Licensed personal shopper opens profitable vintage clothing store in Toronto


After being laid off from her job as a personal shopper at The Bay, a Toronto woman turned her vintage online store into a full-time business from her one-bedroom apartment.

Emily Conrad started her vintage clothing business Slow Hand Salvage in January 2020, but when the pandemic hit she found herself without a full-time job. The work-from-home phenomenon and lack of events meant people didn’t need to do personal shopping as much.

“No one really needs fancy clothes anymore,” Conrad told blogTO. “I was permanently fired from my old job, so I started working harder for it.”

Conrad collects vintage objects and loves thrift stores. At the start of the pandemic, she started selling some items from her personal collection on Instagram.

“People were taking it,” she says.

She finds items to sell online in bulk and now takes shopping trips to Northern Ontario. His online business has become a success.
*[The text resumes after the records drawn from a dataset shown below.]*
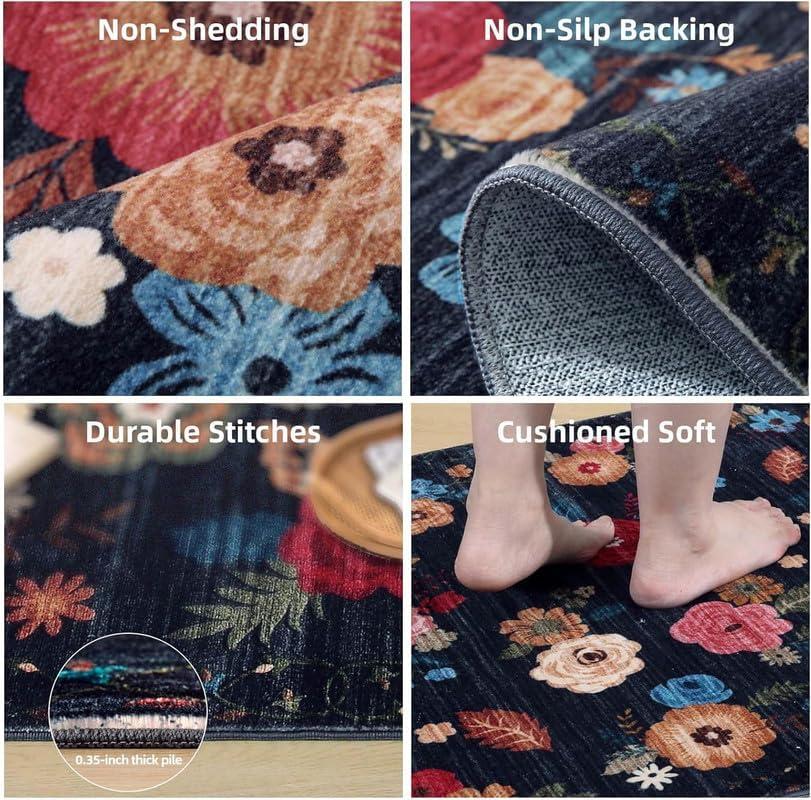 Machine Washable Runner Rug for Hallway: 2'6"x8' Kitchen Runners Rug with Rubber Backing Non Slip Stain Resistant Floral Floor Rug Soft Carpet Runners for Indoor Entryway Bedroom Bedside Living Room(Black Floral)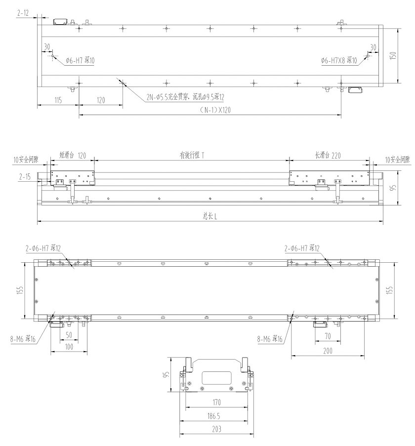| 導軌 | 標配:外嵌式雙導軌,上銀EGH15CA;其他需求可選配 |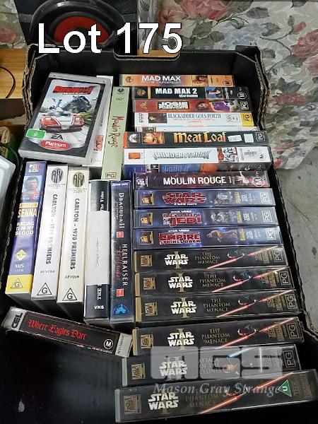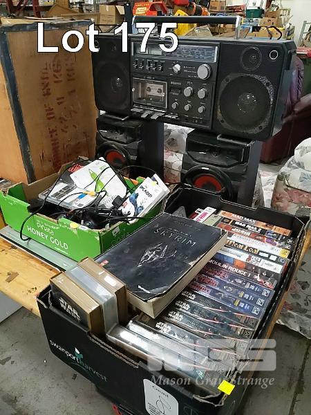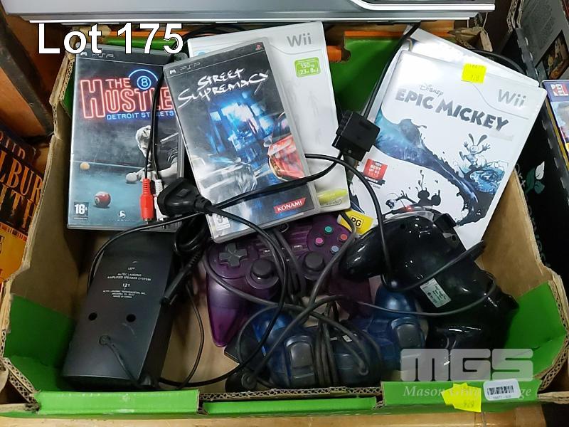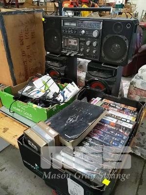 VIDEO GAMES INC PSP GAMES, PS2/3 CONTROLLERS, SANYO RETRO BOOM BOX, DVD PLAYER, VHS VIDEOS INC MAD MAX, STAR WARS
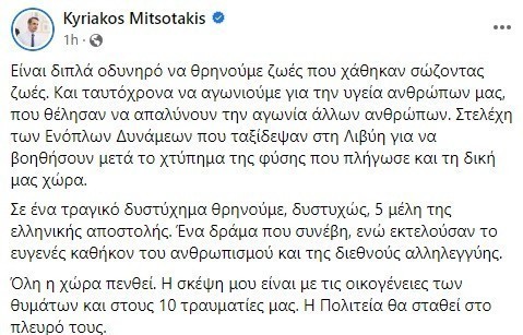 «Είναι διπλά οδυνηρό να θρηνούμε ζωές που χάθηκαν σώζοντας ζωές. Και ταυτόχρονα να αγωνιούμε για την υγεία ανθρώπων μας, που θέλησαν να απαλύνουν την αγωνία άλλων ανθρώπων. Στελέχη των Ενόπλων Δυνάμεων που ταξίδεψαν στη Λιβύη για να βοηθήσουν μετά το χτύπημα της φύσης που πλήγωσε και τη δική μας χώρα.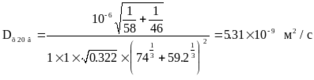 Тогда коэффициент диффузии в жидкости для верхней части колонны при 20 0С равен: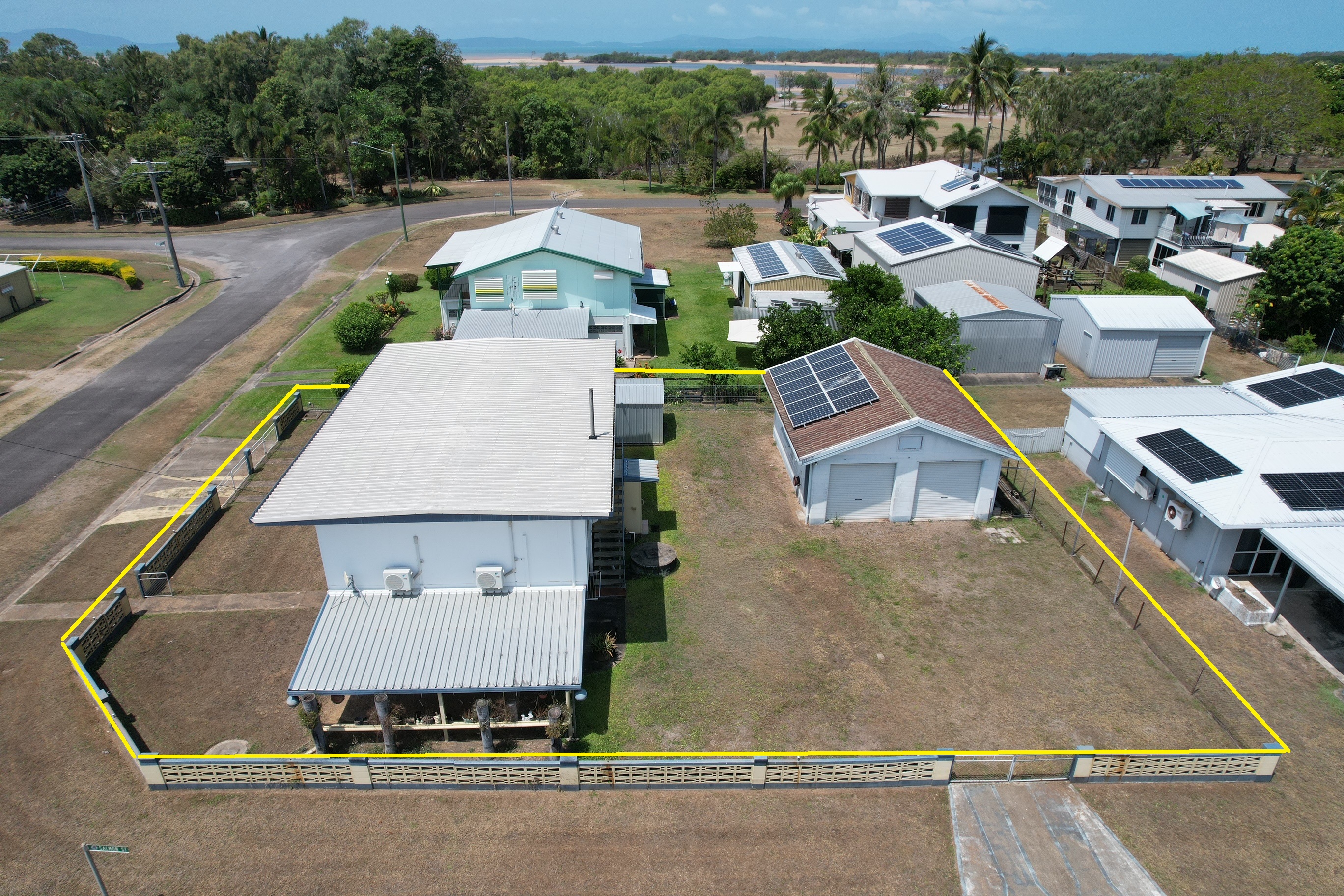 The property is surrounded by a fully fenced yard, presenting a blank slate for landscaping, complete with a bore and pump for maintenance. Additionally, a solid 6 x 8m powered block shed at the rear corner of the property features its own entry gates and is equipped with solar panels that contribute to reduced energy costs.

She now ships worldwide to Australia, all from her one-bedroom apartment in downtown Toronto.

“It’s actually more money than I made in my regular job,” she says.
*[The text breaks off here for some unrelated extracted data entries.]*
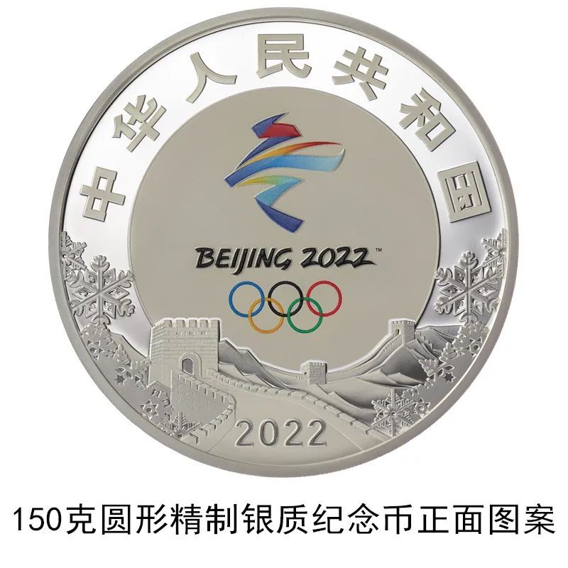 150克圆形银质纪念币背面图案为清代《冰嬉图》元素组合设计,并刊“第24届冬季奥林匹克运动会”字样及面额。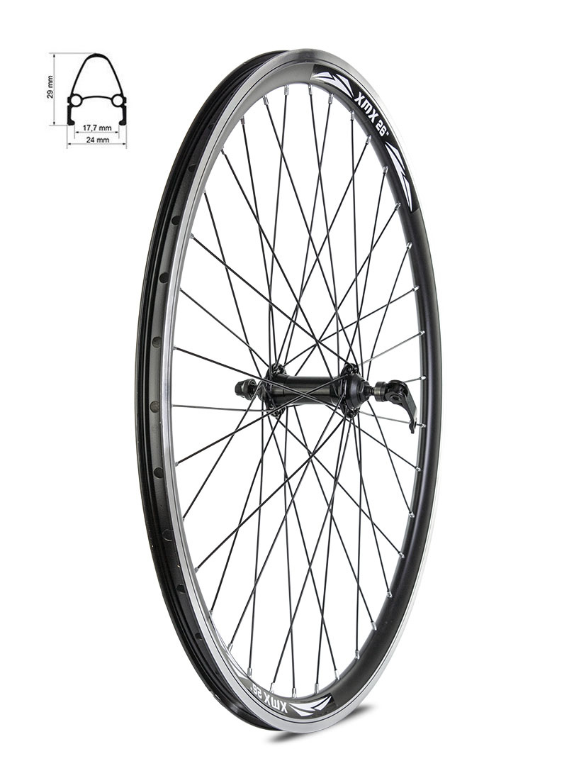 Vorderrad 26 Zoll XMX-Felgenkonus schwarz QR-Nabe Aluminium Schwarz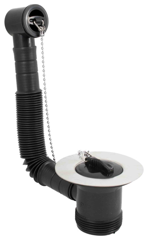 PEERLESS Sink Combination Overflow Waste Centre Screw (Plastic Body, Black Overflow Face) - Chrome - Plastic body 3 3/8” stainless steel flange, Variflex 160-330mm flexible tube, No: 6 ball chain and black overflow face

Conrad created the boutique around her style, which she describes as a rock and western vibe with “biker jackets” and “girly prairie dresses.” She thinks the online store stands out because few vintage places have a theme.

“It’s kind of cool to have more themes and then people know they’re coming to me for leather jackets or cowboy boots.”

One of Conrad’s most interesting finds was a Brimaco leather jacket – a British biker jacket – which she sold for $900 on ebay.

“If you know the value of certain brands and what to look for when shopping or choosing things, you can find gems like this,” she says. “That’s what I like best: finding little treasures from time to time. »

Conrad studied fashion arts at Humber College but has worked in retail since grade 11 with his first job at Zara.

“I’ve always had the dream, in the back of my head, of wanting a vintage store like a brick and mortar.”

But with the closures continuing, opening a physical store didn’t seem like a good idea. So for now, she’s packing her apartment with things she finds, cleaning them, and photographing them before putting them up for sale on Instagram or ebay. She puts things away in a small dressing room and in an alcove in her living room.

“I need a separate room for all my clothes.”

She plans to buy a bigger apartment to add storage and so people can come in after the pandemic to try on items.

“My apartment is not very accommodating at the moment.”

Conrad also does pop-ups and plans to eventually have items at a fall vintage market at Evergreen Brickworks.